The ranging hypothesis not only addresses birds' ability to perceive echoes and degradation to judge distance; it also proposes that if a bird has already memorized a song type, it can compare the incoming sound to the undegraded model in its brain and accurately measure distance from singer (Morton 1982, 1986). The dichotomy of “in memory” versus “not in memory” is biologically based and supported by the neurological mechanism of song learning and responses to auditory inputs (see below).

The challenge in testing this hypothesis is to measure the accuracy of ranging in relation to whether the songs heard by the bird are in its memory or not. A clear experimental design to test for ranging ability is to present a stimulus (a recorded song) at a known distance from the focal bird, control for other circumstances that may influence acoustic properties (e.g., amplitude of the playback, habitat, weather, and social interference from conspecifics), and then assess how the focal bird perceives distance by watching what it does (e.g., the intensity of aggressive response) in response to circumstances that have different fitness consequences (e.g., playback inside vs. outside the territory). The assumption is that if the focal bird cannot ascertain the distance to the playback, it must investigate the whereabouts of the challenger; or, if it can range the challenger and perceives the distance to be large, the territorial response will be weak. Alternatively, if the focal bird can range the playback accurately and the threat is high, the bird should respond quickly, accurately, and with aggression.

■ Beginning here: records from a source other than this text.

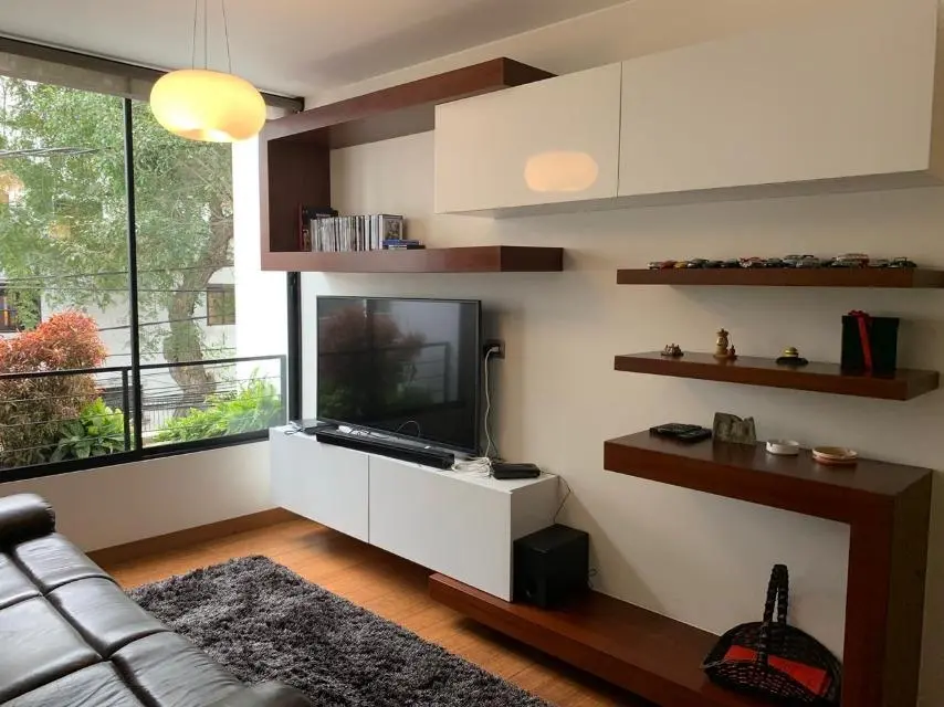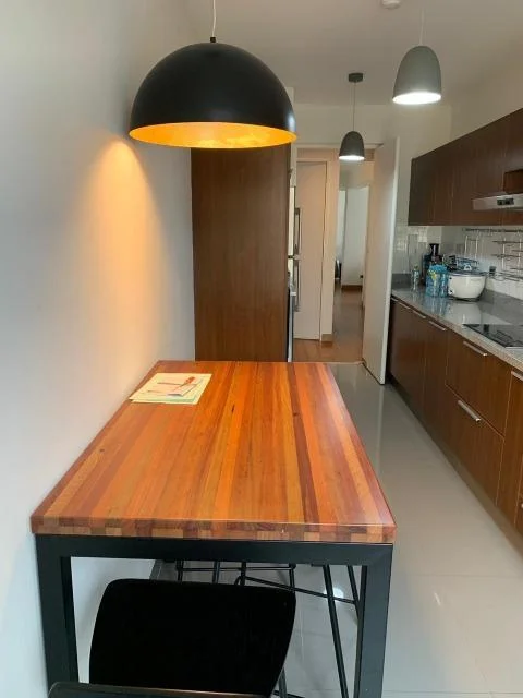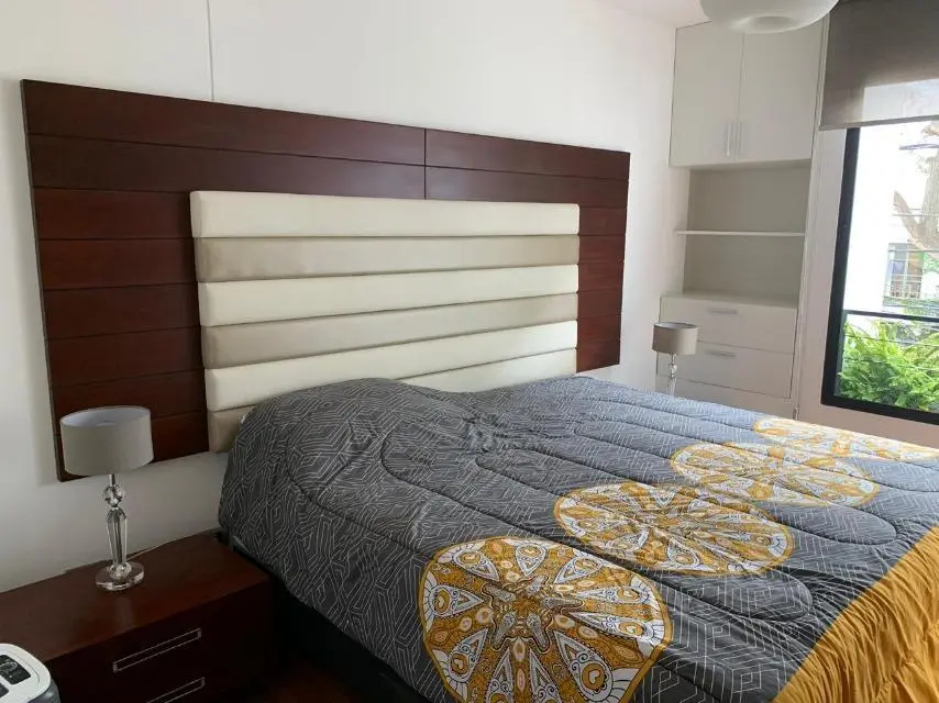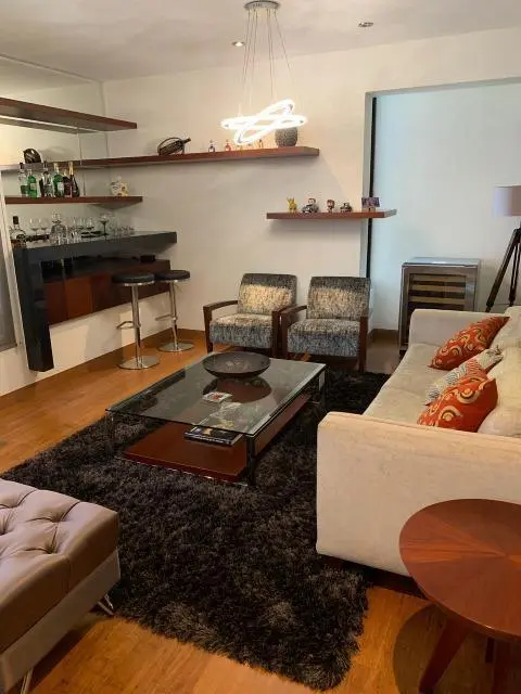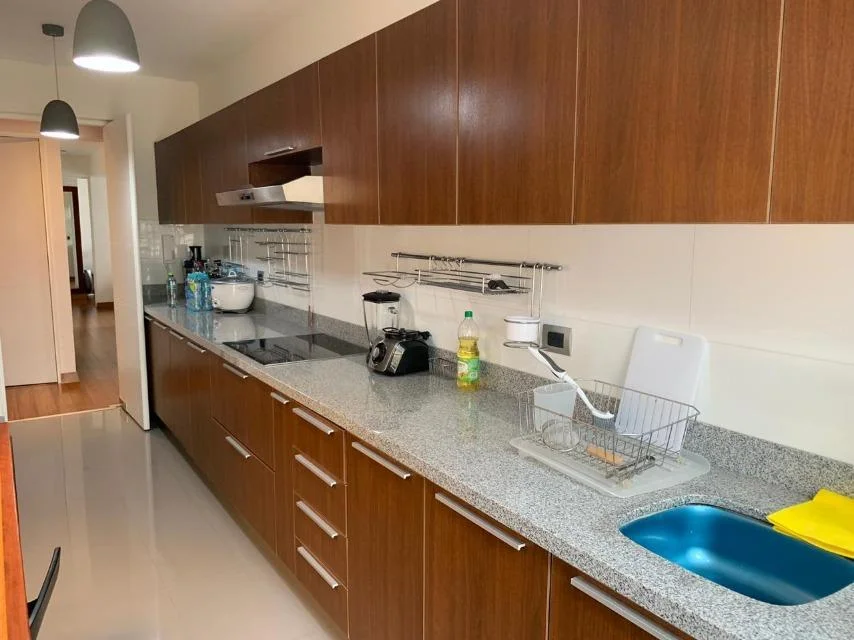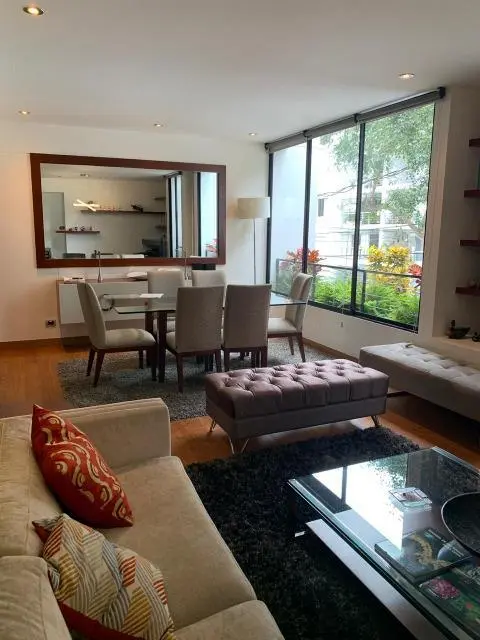 Elegante departamento en la mejor zona de Miraflores, acabados A1, decoración preciosa, mucha iluminación. Tiene 02 dormitorios ya dicional sala estar y escritorio. Cocina con comedor de diario y área de servicio completa! Amoblado y equipado, 3 años de antiguedad, vista a la calle, moderno, piso 2, guardianía, flat. Hall de ingreso, sala, comedor, comedor de diario, escritorio, sala de estar, 2 dormitorios, 2.5 baños, 1 baño incorporado, 1 cuarto de servicio, 1 baño de servicio, lavandería, pisos de madera en área social, pisos de madera en área privada. 2 cocheras tipo paralelas, ascensor. No mascotas, walk-in closet, disponible desde el ****.
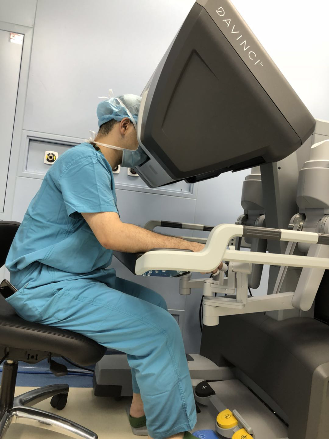 蔡磊主任介紹,達芬奇機器人手術與腹腔鏡相比對病人創(chuàng)傷更小,操作更加精細,能更清晰的解剖并游離血管,更精準的清掃淋巴結,損傷和出血更少,術后恢復快,手術效果更好,住院時間更短?!拔覀兊倪_芬奇機器人是第四代,可將手術部位放大15倍,且為裸眼高清三維成像,與腹腔鏡比成像更加穩(wěn)定,更加清晰,達芬奇機器人可完全模仿人手腕動作,并具有人手無法比擬的穩(wěn)定性和精確度,活動范圍甚至超越人手,在狹小的空間里能夠更加精準的完成操作。希望更多的患者能夠了解達芬奇機器人手術,也希望我們?yōu)楦嗟幕颊邘砀R??!?
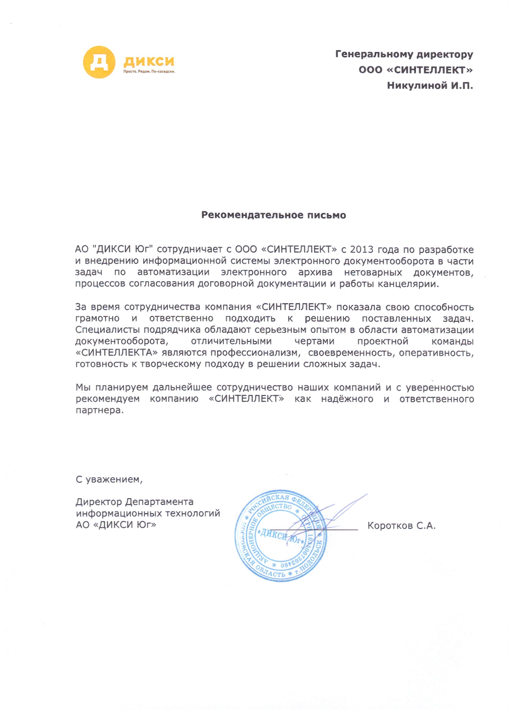 АО «ДИКСИ Юг» сотрудничает с ООО «СИНТЕЛЛЕКТ» с 2013 года по разработке и внедрению информационной системы электронного документооборота в части задач по автоматизации электронного архива нетоварных документов, процессов согласования договорной документации и работы канцелярии.
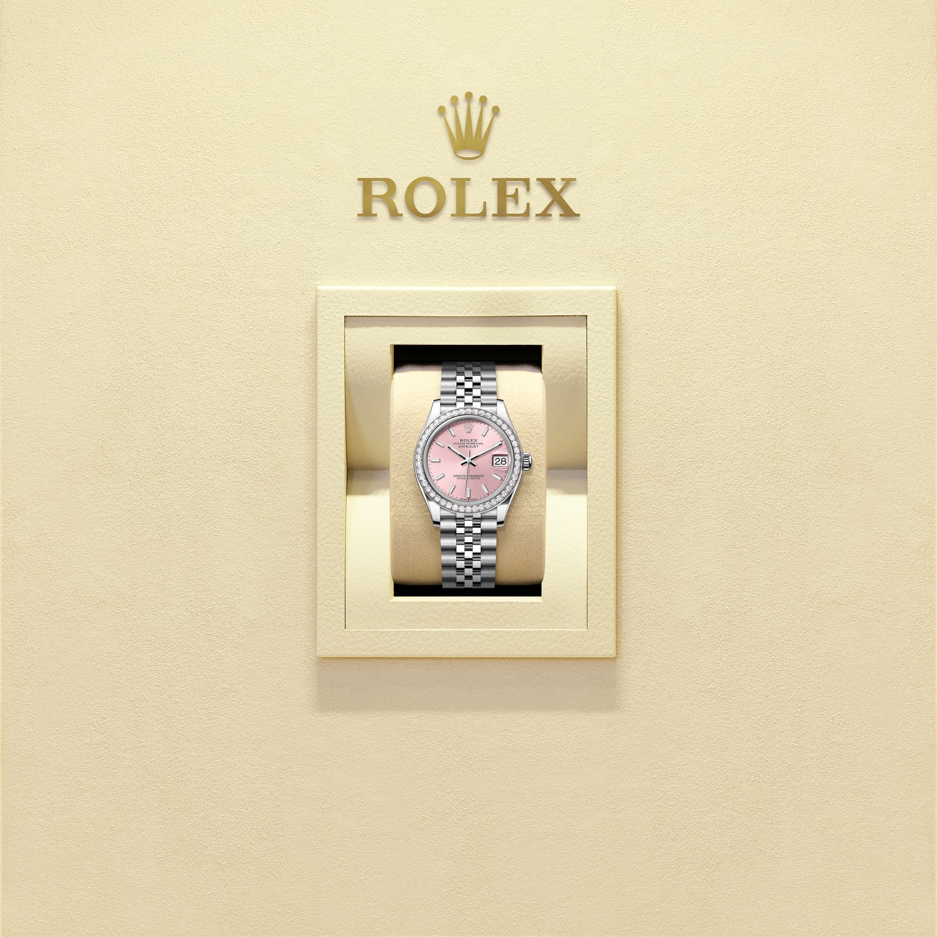 Deze Oyster Perpetual Datejust 31 van Oystersteel en witgoud heeft een roze wijzerplaat en een Jubilee-band.

To design the playback itself, a typical approach has been to first create recordings of naturally degraded songs by broadcasting undegraded songs and re-recording them at specified distances through natural habitat, and then to conduct playback experiments while controlling for the amplitude of the playback (e.g., Richards 1981, McGregor and Krebs 1984). One can also use natural degradation and play back undegraded song from different distances to the focal bird (Shy and Morton 1986, Morton et al. 2006). Artificially degraded playback songs can be produced by re-recording songs in a reverberant room (e.g., Morton et al. 1986, Wiley and Godard 1996), although I have argued that such playbacks differ in important ways from natural degradation and, therefore, may interfere with a bird's ability to range in the first place (Morton et al. 2006).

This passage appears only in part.